A Review of Children of the New Flesh, edited by Chris Kelso and David Leo Rice, via 11:11 Press
In the quest for influences and masters among a new wave of artists and writers wishing to tap into a heritage of darkness and cerebral legitimacy, you could do worse than to position yourself in the riptide behind the strange, cool director David Cronenberg. Cronenberg is that rare artist who has managed to veer into commercially viable, relatively mainstream success while still staying true to his bizarre obsessions and themes.
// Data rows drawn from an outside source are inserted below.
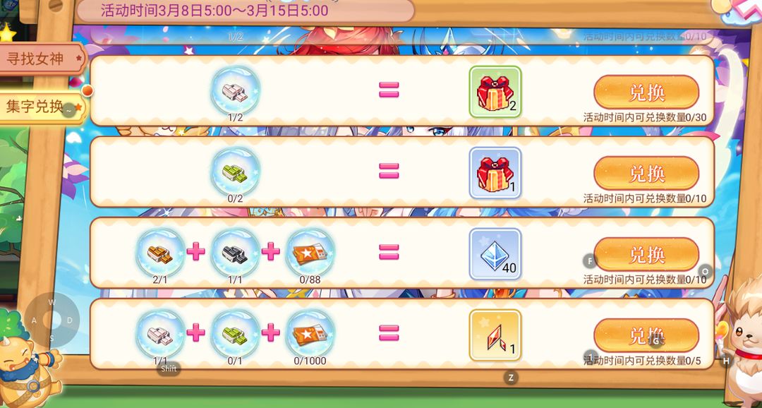 集字兑换活动时间是3月8日 5:00~2023年3月15日5:00,活动期间,玩家可以收集巧克力道具,就可以在女神集字界面进行各种奖励兑换,各位玩家收集到的巧克力注意要在活动时间内进行兑换噢~
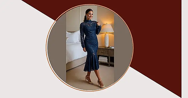 Finding the perfect wedding guest outfit can feel like a mission, especially when you want to look super chic but also avoid accidentally matching the bridesmaids. Good news: this stunning navy lace dress hits all the right notes! The high neck and flowy sleeves give it a classy vibe, while the pretty lace detail adds just enough flair to make you stand out without, you know, stealing the show from the bride. It’s the kind of dress that says, “I put effort into this, but I’m also here to have fun and maybe sneak an extra piece of cake.”
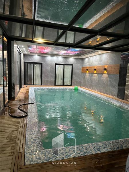استخر شنا کاشی کاری شده سرپوشیده به همراه تصفیه خانه و آبگرم در مجاورت ویلا جایگذاری شده و یکی از امکانات رفاهی واقع در محوطه باغ ویلا می باشد .
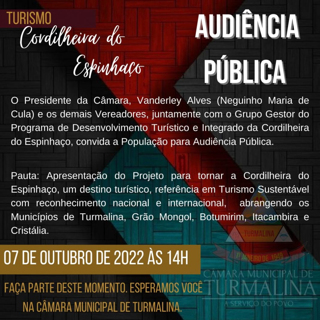 Nesta última sexta-feira, dia 07 de Outubro de 2022, a Câmara Municipal de Turmalina abriu as suas portas para receber o Grupo Gestor do Programa de Desenvolvimento Turístico e Integrado da Cordilheira do Espinhaço, Vereadores, Servidores da Casa e População para debaterem sobre um assunto de grande relevância para Turmalina e região que é o Turismo Sustentável. A Pauta abordou a sua importância nos quesitos culturais, socioeconômicos e ambientais.
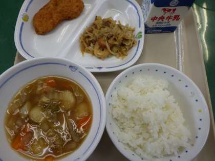 9月15日の給食は、ごはん、牛乳、玄米だんご汁、切干しだいこんのソース炒め、ささ身大葉梅肉フライでした。
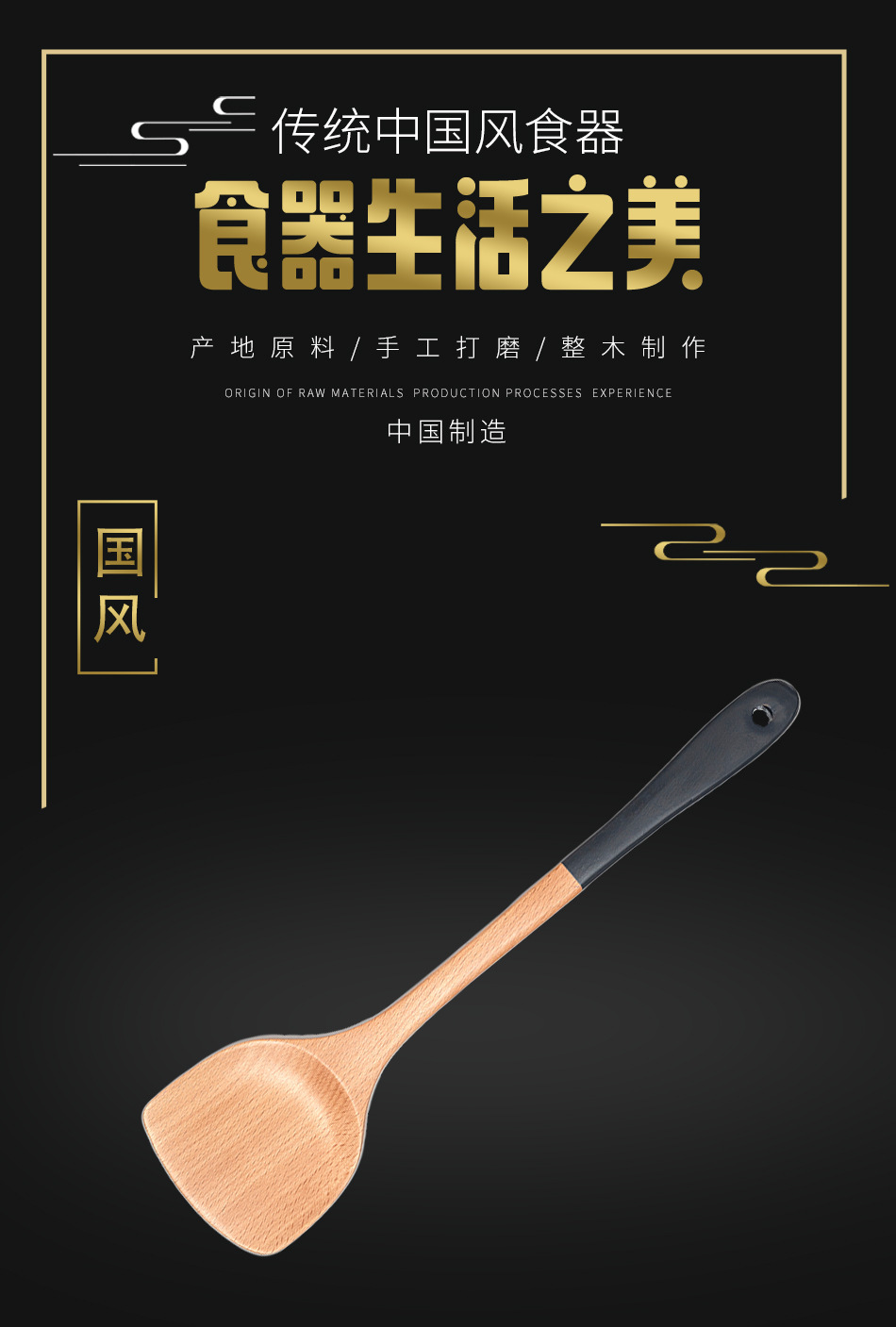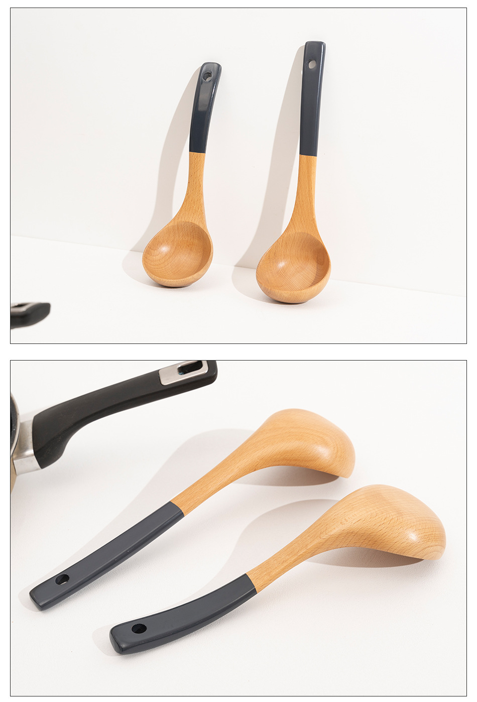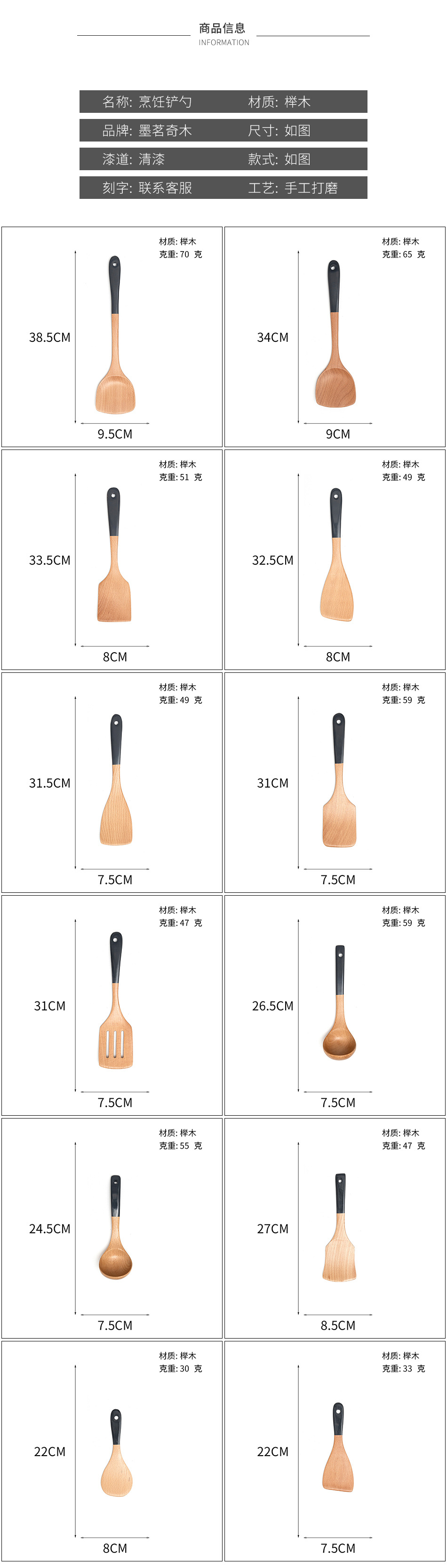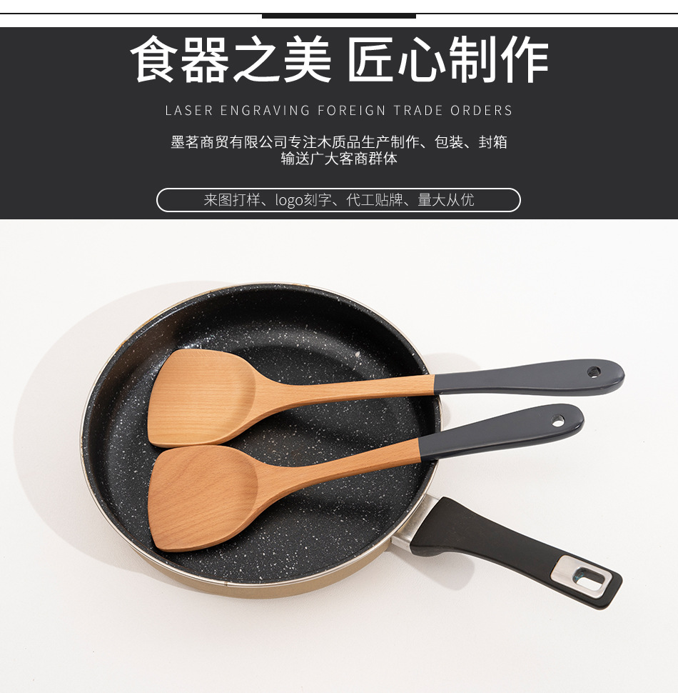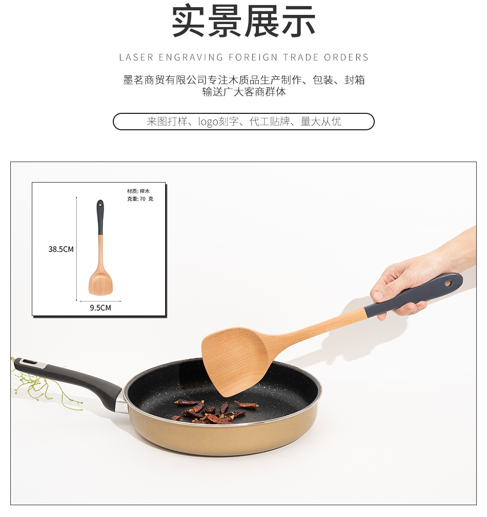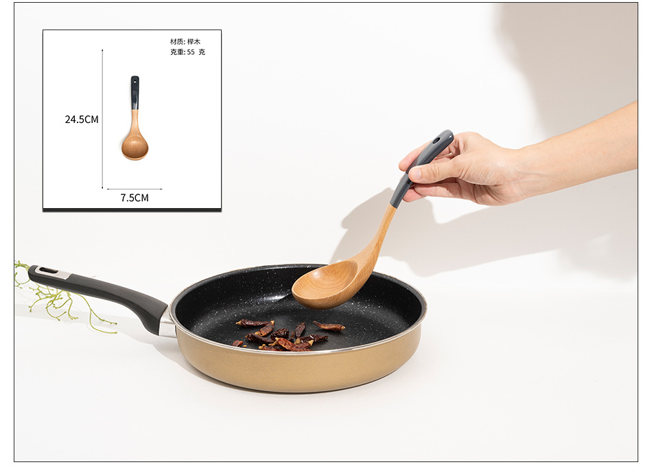 Mo Ming 너도밤나무 손잡이 페인트 손잡이 스쿠틀러 붙지 않는 요리 스푼 스쿠틀러 세트 볶음 삽 나무 숟가락 일본식 주방 용품스토어 가기
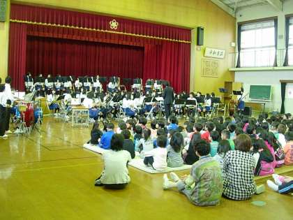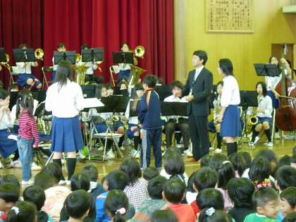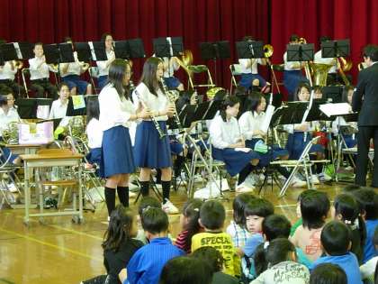 5月30日(月)川岡東小学校で開催されました「音楽鑑賞」に本校の吹奏楽部が参加しました。楽器の紹介や劇仕立ての演奏などで楽しんでいただきました。後半には、指揮者体験も行い、体験した児童も緊張しながらではあったもの一生懸命タクトを振ってくれました。また、桂川園のお年寄りも参加され、楽しいひと時を過ごしていただけたと思います。
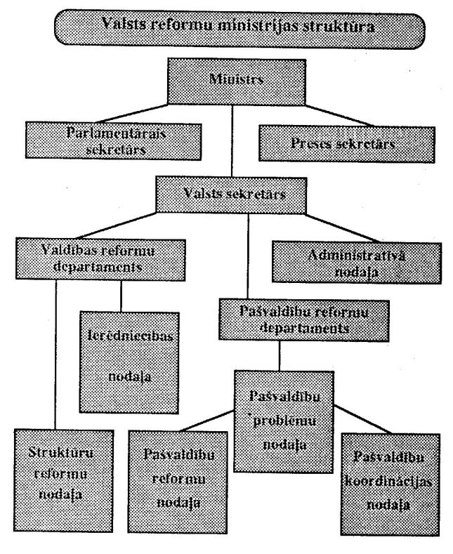 3. Valsts reformu ministrijas valsts sekretārs pēc saskaņošanas ar ministru nosaka ministrijas iekšējo struktūru (struktūras shēma pievienota), pamatojoties uz Saeimas akceptētajā «Deklarācijā par kabineta iecerēto darbību» izvirzītajiem mērķiem un šajā pagaidnolikumā noteiktajiem uzdevumiem, un apstiprina ministrijas centrālā aparāta štatus valsts budžetā noteikta štata vienību skaita un darba samaksas fonda ietvaros.
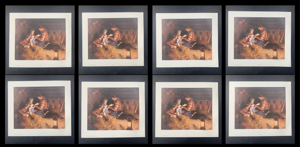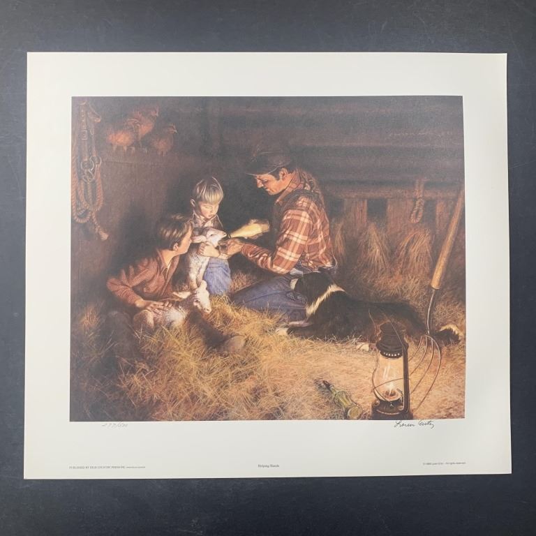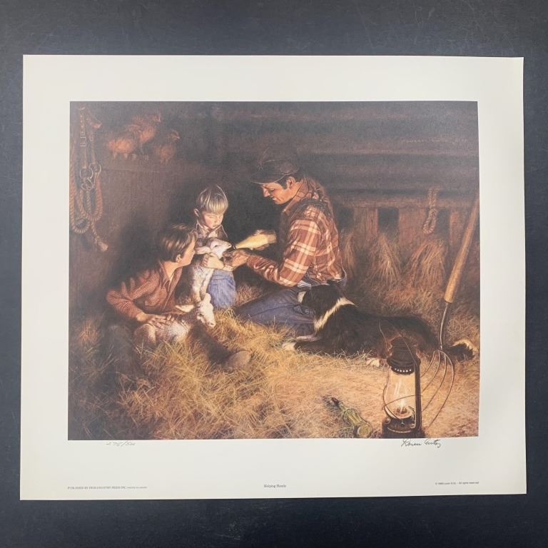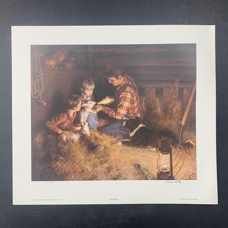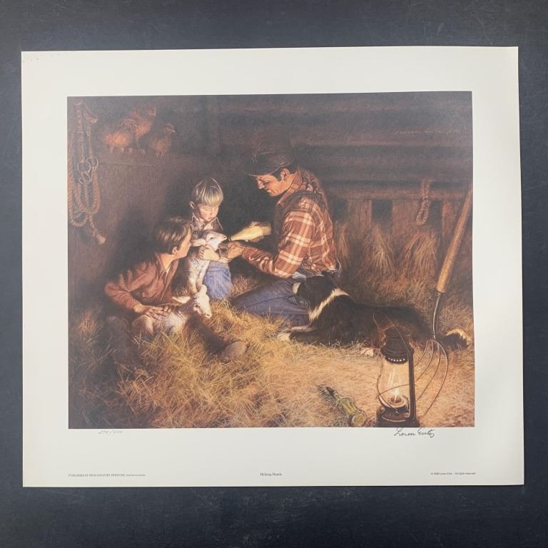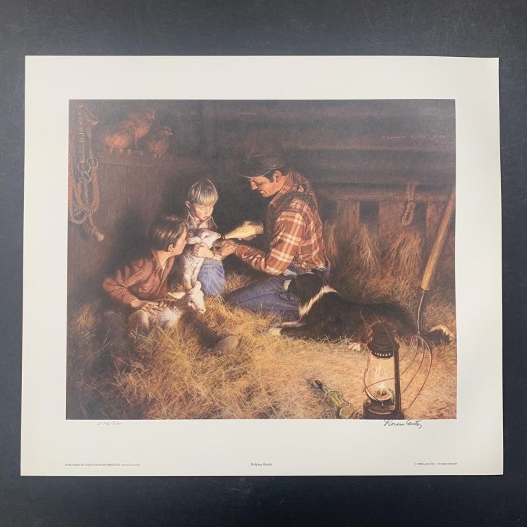 Loren Entz's "Helping Hands" limtied edition prints, signed lower right and numbered lower left of an edition size of 500. There are 9 prints in total, each in excellent condition. This is an image of a farmer father who is showing his two sons how to give milk to a baby sheep.
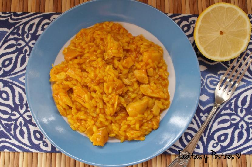 Arroz meloso de pollo al ajillo
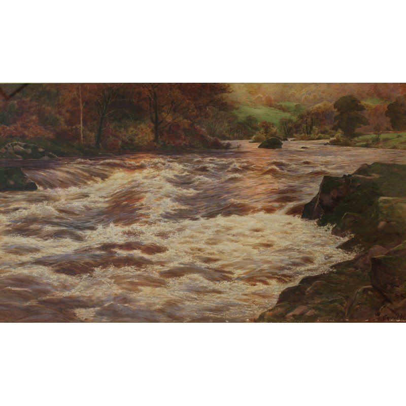 CYRIL WARD (1863-1935) A ROCKY RIVER SCENE, AUTUMN Signed, watercolour 44.5 x 76.5cm.
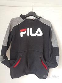 Felpa Fila taglia S Con cappuccio e doppie tasche anteriori entrambe passanti , una con zip e una senza zip. Elastico infondo, Colori nero e grigio.
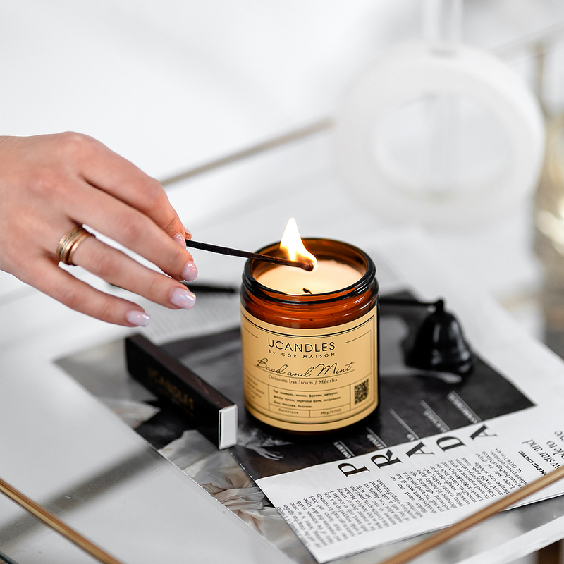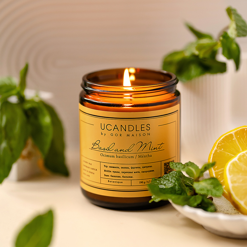Свеча Базилик и мята Basil & Mint — аромат средиземноморского лета в самый разгар дня. Словно кулинарный кутюрье смешал свежесть фруктов и зелени с острой нотой перечной мяты и тёплым дыханием базилика. Этот аромат бодрит, освежает пространство и настраивает на лёгкий, воздушный лад. Верхние ноты свежести, зелени, фруктов и цитруса открываются ярко и прохладно. В сердце — перечная мята и смородина добавляют пряную, слегка игривую глубину. Базовые ноты базилика и бальзама заземляют и придают аромату тёплый зелёный шлейф. Свеча Essential Collection с 1 фитилём: 190 г воска, время горения до 30 часов. Чёрная матовая крышка — лаконичный и стильный дизайн для любого интерьера. Аромат Basil & Mint доступен также в формате диффузора, спрея для дома и рефилла Ucandles by Maison Gor. Производство: Ucandles by Maison Gor, Россия.
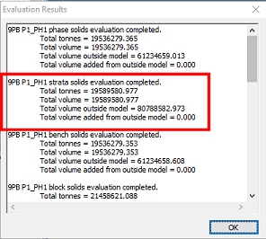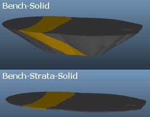This allows the phase solid to be split into "strata solids" later on, using the Strata Solids task. These solids will be further subdivided into benches (either using elevation values, or using 3D bench surfaces, depending on how you used the Define Benches task previously). The generated "bench-strata-solids" preserve the original strata data.
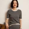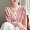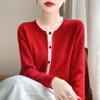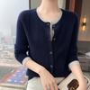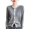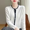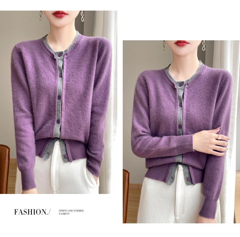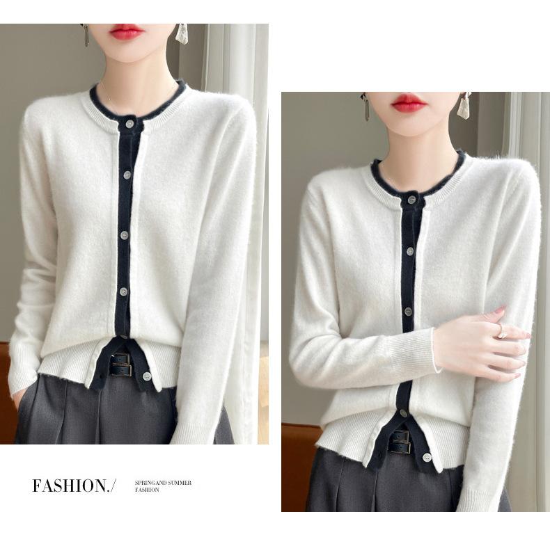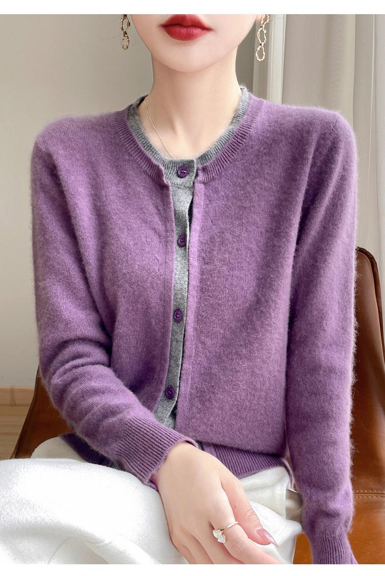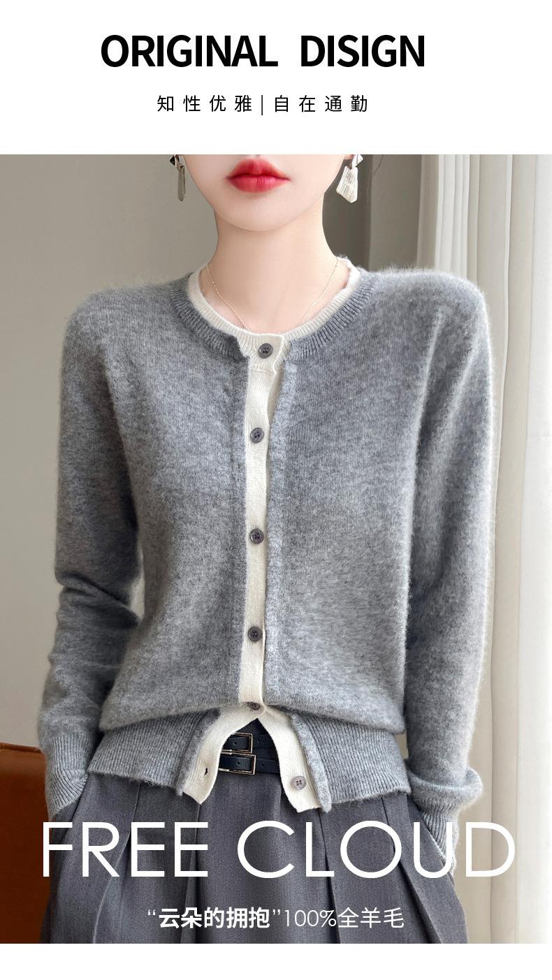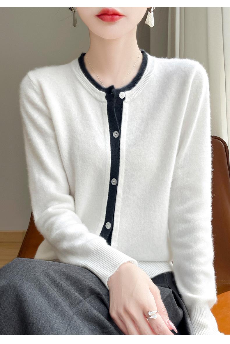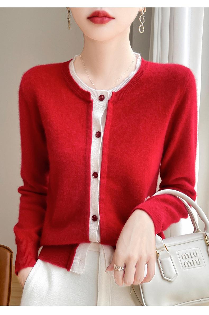 Cárdigan de Cachemira Color Block de Cuello Redondo Falso de Dos Piezas para Mujer Otoño e Invierno Holgado Tejido de Lana Top Coreano Abrigo Corto

Cronenberg’s iconography has stood out from hordes of other lesser horror and sci fi filmmakers as something otherworldly, disturbing, phantasmagorical, and sexy — if you consider bodily transfiguration and the incursion of foreign inhabitants into your mind to be sexy.
A new book has come out from cutting edge indie publishers 11:11 Press which pays tribute to Cronenberg’s influence on writers in the here and now. Editors Chris Kelso and David Leo Rice have organized a host of other writers to offer up their takes on Cronenberg’s work, with a focus on the early, lesser-known short films of the Canadian auteur. Fittingly for the often biomechanical crossbred subject matter of the movies, the book consists of a hybrid admixture of non-fiction essays and fictional homages which manages to unsettle the reader while providing crucial information.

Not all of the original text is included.